Трегубов знает, что говорит: в свои неполные семнадцать он единственный в классе бывал за границей, как раз в Италии жил. Отец его работал в советском консульстве в Риме.

— Пинии? Это что-то типа минета? — Месропов.

— Нет, амиго мио — это средиземноморская сосна. Небо — чистейшая лазурь! Море! Солнце!

О sole mio

sta 'nfronte a te!

О sole, о sole mio

sta 'nfronte a te!

sta 'nfro-o-o-onte a te-e-e-e! — поет Трегубов, срываясь на фальцет.

— Карузо недорезанный! — с уважением Месропов.
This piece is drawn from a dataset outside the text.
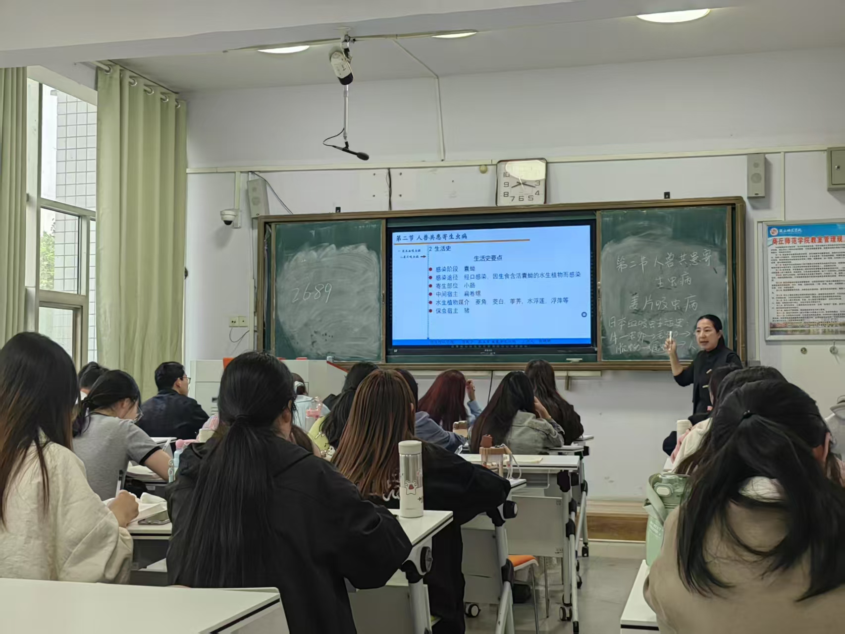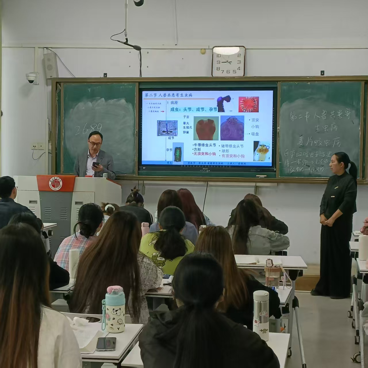 本次公开课讲授的是“人兽共患寄生虫病”。采用线上线下结合模式,课前员工利用线上超星平台进行了预习,线下课堂采用“知识回顾—课堂导入—新课讲授—分组讨论—归纳小结—思考题测试”的流程进行。首先复习上一节知识点,让员工以简单的图示展示日本血吸虫病的生活史;然后导入新课,通过穿插美食引起的疾病案例:27岁女子因生肯荸荠的皮导致感染姜片吸虫,导入本节内容食源性寄生虫病病原-姜片吸虫;通过深入讨论姜片吸虫病病原特点、生活史,流行特点、预防措施,加深同学们对课程的理解和掌握,每个部分都设计了讨论和互动,加深员工对此次课程内容的理解和掌握。
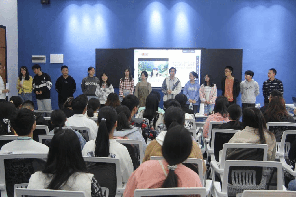 同学们报以热烈的掌声,萧老师接过话头说:綦字在古时有通“极”的意思,意味要达到顶点,綦迹古语亦作“綦跡”、亦作“綦蹟”足迹;重庆移通学院创意写作学院綦迹创意文学社的名称同时蕴含两种意义,有足迹之意,也有奇迹之音。创意写作学院十名教师,作为綦江校区第一批开拓者,脚踏实地地在这里留下坚实的足迹,此为第一重含义。全体教师第一次在綦江新校区进行作家班招新,即创造出学生报名数量近一千的新奇迹,此为第二重含义。我们全体成员也跟随綦迹创意文学社一起,在綦江这块土地上,留下自己成长的足迹,创造出自己的奇迹。故此,取名綦迹创意文学社。

Во двор входит Болтянский в черном костюме, узком черном галстуке. Черные волосы зачесаны назад, намазаны, блестят. Увидев Месропова, чуть сбивается с шага, щеки расцветают алыми пятнами.

— Эй, пиния, — кричит кто-то, — пойдем, погуляем?!

Дружный хохот.

* * *

На ночь Рябец в школе не остался, получил аттестат, ушел. Когда спускался из актового зала, его догнал Болтянский.

— Уходишь?

— Тебе-то что?

— На танцы не останешься?

— В гробу видал.

— Книжку когда вернешь? Родители спрашивали. Прочел?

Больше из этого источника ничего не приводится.